Thursday, December 29, 2011

The Inside and the Outside

A lot of my interaction with film buffs these days occurs on Twitter, where disagreements are argued out by the score every day. Whether I intervene or not, I find that I often want to say the same things to different combatants. For instance:

One can evaluate the behavior in a movie in two different ways.


  1. According to the internal workings of the film universe. An example would be to praise or criticize behavior according to its trueness to the overall psychological portrait of the character, or to a general perceived social or psychological idea of how people are likely to behave.

  2. According to the effect of the behavior on the viewer. In this game, it tends to be the filmmaker, not a character, who is pitching, and the viewer, not another character, who is catching.

I've written about this dichotomy before, but it's tricky to fit the two methods of evaluation into a unified field theory. Obviously both approaches can be abused. The "internal" approach, despite the appeal to the authority of the soft sciences, is no more or less likely to get bogged down in subjectivity than the more obviously subjective "external" approach. You'd think that it would mean something when a critic says "As a former construction worker, I can testify that the film's portrait of construction workers is accurate." But one learns in one's youth that such statements are 100% subjective and have no bearing on anything at all.

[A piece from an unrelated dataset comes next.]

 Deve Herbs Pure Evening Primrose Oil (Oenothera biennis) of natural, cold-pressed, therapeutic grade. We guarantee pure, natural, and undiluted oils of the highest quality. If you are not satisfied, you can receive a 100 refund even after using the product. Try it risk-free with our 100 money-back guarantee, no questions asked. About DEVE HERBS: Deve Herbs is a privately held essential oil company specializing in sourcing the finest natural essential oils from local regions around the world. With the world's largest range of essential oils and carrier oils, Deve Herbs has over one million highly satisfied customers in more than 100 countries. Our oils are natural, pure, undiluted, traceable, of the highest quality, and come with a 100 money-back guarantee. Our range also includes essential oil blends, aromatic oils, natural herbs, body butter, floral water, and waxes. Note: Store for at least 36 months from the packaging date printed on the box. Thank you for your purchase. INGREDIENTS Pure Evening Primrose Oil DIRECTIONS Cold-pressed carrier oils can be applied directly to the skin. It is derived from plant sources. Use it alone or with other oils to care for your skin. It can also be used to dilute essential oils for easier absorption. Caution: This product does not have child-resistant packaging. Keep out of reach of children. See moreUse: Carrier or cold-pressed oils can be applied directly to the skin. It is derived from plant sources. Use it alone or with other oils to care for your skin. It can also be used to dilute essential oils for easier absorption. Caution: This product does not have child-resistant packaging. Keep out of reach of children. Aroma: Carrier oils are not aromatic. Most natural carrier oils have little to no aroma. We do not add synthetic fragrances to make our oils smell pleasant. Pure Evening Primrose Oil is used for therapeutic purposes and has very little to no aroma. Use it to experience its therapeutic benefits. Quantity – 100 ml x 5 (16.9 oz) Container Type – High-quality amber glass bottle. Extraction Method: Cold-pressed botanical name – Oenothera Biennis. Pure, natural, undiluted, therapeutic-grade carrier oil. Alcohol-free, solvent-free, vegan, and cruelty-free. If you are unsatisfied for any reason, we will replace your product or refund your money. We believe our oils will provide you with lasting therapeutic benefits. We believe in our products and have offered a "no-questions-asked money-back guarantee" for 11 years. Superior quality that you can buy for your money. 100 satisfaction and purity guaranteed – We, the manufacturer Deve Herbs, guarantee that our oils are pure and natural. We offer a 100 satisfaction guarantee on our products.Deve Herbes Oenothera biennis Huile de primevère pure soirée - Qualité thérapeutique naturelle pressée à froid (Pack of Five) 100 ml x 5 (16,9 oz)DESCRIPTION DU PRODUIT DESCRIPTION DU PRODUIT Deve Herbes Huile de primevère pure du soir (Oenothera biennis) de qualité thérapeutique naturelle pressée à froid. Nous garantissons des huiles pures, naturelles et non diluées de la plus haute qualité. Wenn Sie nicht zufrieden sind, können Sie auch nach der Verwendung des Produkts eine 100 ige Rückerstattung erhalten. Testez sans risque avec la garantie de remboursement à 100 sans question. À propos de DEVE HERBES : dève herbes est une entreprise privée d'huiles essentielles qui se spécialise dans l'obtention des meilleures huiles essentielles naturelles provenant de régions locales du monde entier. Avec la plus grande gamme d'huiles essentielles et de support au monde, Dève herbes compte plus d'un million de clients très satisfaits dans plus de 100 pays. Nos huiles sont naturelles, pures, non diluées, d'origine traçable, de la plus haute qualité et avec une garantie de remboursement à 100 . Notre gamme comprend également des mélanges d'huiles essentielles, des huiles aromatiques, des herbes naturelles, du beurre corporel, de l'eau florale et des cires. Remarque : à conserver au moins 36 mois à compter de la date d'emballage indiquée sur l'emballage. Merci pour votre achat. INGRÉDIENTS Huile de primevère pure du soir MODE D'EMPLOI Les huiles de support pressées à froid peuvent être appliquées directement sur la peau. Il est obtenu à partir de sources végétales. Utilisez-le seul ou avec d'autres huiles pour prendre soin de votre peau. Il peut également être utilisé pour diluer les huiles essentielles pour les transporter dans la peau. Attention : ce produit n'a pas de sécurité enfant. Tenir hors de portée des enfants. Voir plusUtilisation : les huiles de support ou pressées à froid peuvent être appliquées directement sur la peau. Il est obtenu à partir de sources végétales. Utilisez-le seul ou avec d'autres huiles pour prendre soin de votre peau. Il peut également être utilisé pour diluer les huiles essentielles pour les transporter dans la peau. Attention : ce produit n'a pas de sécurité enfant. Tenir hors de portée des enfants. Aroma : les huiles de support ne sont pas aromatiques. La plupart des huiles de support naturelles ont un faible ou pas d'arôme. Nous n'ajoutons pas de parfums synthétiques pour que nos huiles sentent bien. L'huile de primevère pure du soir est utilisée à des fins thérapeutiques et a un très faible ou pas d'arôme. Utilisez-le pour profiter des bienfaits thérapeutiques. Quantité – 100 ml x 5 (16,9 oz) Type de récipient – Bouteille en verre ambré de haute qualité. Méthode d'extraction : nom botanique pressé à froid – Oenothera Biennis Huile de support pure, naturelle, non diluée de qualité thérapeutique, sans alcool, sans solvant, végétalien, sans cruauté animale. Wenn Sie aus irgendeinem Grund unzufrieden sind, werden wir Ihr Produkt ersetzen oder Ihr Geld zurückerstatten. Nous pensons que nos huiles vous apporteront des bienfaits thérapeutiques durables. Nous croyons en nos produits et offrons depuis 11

I'm tempted to talk about these methods in terms of "two-ness," which, in this case, would mean meeting the criterion of internal plausibility while at the same time creating a worthwhile external effect. And this is certainly the ideal of a kind of classical storytelling that adheres to notions of social or psychological realism. At the least, verisimilitude and observational insight will always be a valuable arrow in the cinema's quiver.

However, it doesn't do to beat a film with the stick of verisimilitude. When we like a bit of abstract behavior, we forgive its departure from documentary realism because the abstraction gives us something valuable. It's only when we don't get anything from an abstraction, or when we get something we don't like, that we are tempted to say "No one behaves like that." And so the internal approach isn't a completely independent criterion: to make a just criticism of a failure of internal coherence, we have to take external factors into consideration. "No one behaves like that" is never a valid condemnation when taken in isolation from other factors.

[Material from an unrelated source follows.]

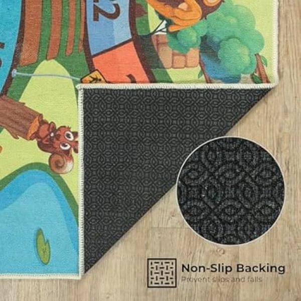 Either wipe clean or throw in the washing machine at 30 C - enjoy the convenience of this machine washable rug Prevent slips and falls with our rugs that have a non-slip backing to ensure a secure footing and extra safety for your home. Effortlessly clean, hypoallergenic, durable and lint-free, our rugs are perfect for homes with pets and allergy sufferers. Share our love of the planet by choosing our deliberately made, eco-friendly rugs for your home. Perfect for your child's bedroom or playroom. You will love this kids rug with bright multicolor design in two sizes. › See more product details

More and more I feel that the external approach to evaluation is the larger and more philosophical viewpoint, the one that provides context for issues of internal verisimilitude. And yet it's rare to hear people talk about a movie as if it's a moment-by-moment feed of information and pleasure from the filmmaker to the audience: we are much more likely to try to praise or condemn a movie according to whether we believe the characters, even though we know that the characters are merely the filmmaker's tools.

The main pitfall of external evaluation is obvious: it's not immediately obvious why one viewer's response to a filmmaker's stimuli should be of any use to a different viewer. Any attempt to identify objective elements of form that create one's subjective responses is highly likely to devolve into rationalization, even when one brings some rigor to the process of identification. But hey - if it were easy to talk about art, everyone would do it. It's by no means impossible to argue that the delivery of certain experiences is inscribed into a film's form, even if many others don't receive the experience, even if one doesn't receive the experience oneself. There's something up there on screen that is the same for all of us, and that's where the job begins, even if one must proceed with the utmost caution in trying to build a model of pleasure delivery upon the relatively solid foundation of formal analysis.